This operator triggers the Unification Workflow. The endpoint URL depends on your account's region:

| Region | URL |
|  --- | --- |
| US | `https://api-cdp.treasuredata.com/unifications/workflow_call` |
| EU01 | `https://api-cdp.eu01.treasuredata.com/unifications/workflow_call` |
| Tokyo | `https://api-cdp.treasuredata.co.jp/unifications/workflow_call` |
| Korea | `https://api-cdp.ap02.treasuredata.com/unifications/workflow_call` |


### Headers

Authentication is performed using the `td.apikey` secret, which contains the Master API Key for your account. No manual setup of the secret is required because it is auto-generated for ID Unification WF.

Warning
If you manually define a `td.apikey` secret, ensure it is formatted differently than a standard API Key. Prepend `TD1 ` (with a space) to the API Key value, e.g., `TD1 24/939***`. Improper formatting may cause authentication failures.

### Content Options

The `content` section defines execution options for the ID Unification Workflow and includes a reference to a `yml` file.

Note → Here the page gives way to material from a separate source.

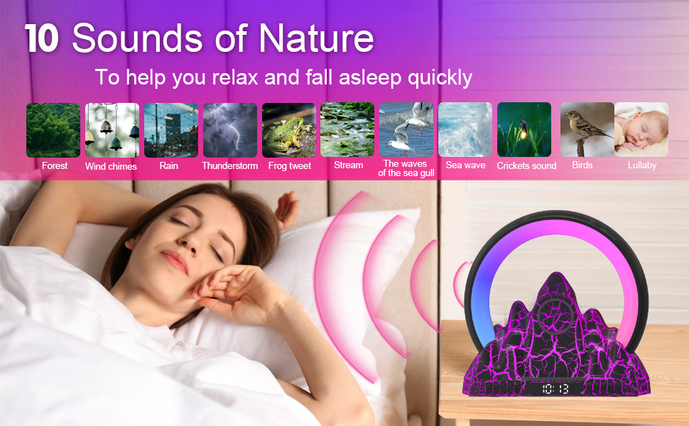 ✨The product has built-in white noise music to aid sleep: The product comes with 10 white noise music, which can help users relax their mind and fall asleep easily. (Early morning birds chirping, crickets chirping, frogs chirping, running water, Haiou chirping, rain sound, light rain + thunder, early morning comprehensive sound, lullaby 1, lullaby 2)。

| Option Name | Required? | Default Value | Description |
|  --- | --- | --- | --- |
| `keep_debug_tables` | Optional | `false` | Set to `false` to discard intermediate debug tables. |
| `run_canonical_ids` | Optional | `true` | Set to `false` to skip the canonical ID generation process. |
| `run_enrichments` | Optional | `true` | Set to `false` to skip the enrichment process for canonical IDs. |
| `run_master_tables` | Optional | `true` | Set to `false` to skip the master table generation process. |
| `full_refresh` | Optional | `true` | If `false`, performs [incremental updates](/en/tools/idu/p7_incremental) instead of full refreshes. As described in the doc, incremental_update will run full refreshes every 3 days |


Recommendation
Keep `run_*` options set to `true` to ensure all necessary processes are executed. For `keep_debug_tables`, set it to `true`. This will help to vidualize the ID Unification statitics later. Configure `full_refresh: false` only when incremental updates are required.

## Writing a yml File

The example below demonstrates how to write the referenced `yml` file (`unification_ex1.yml`) from the `dig` file example.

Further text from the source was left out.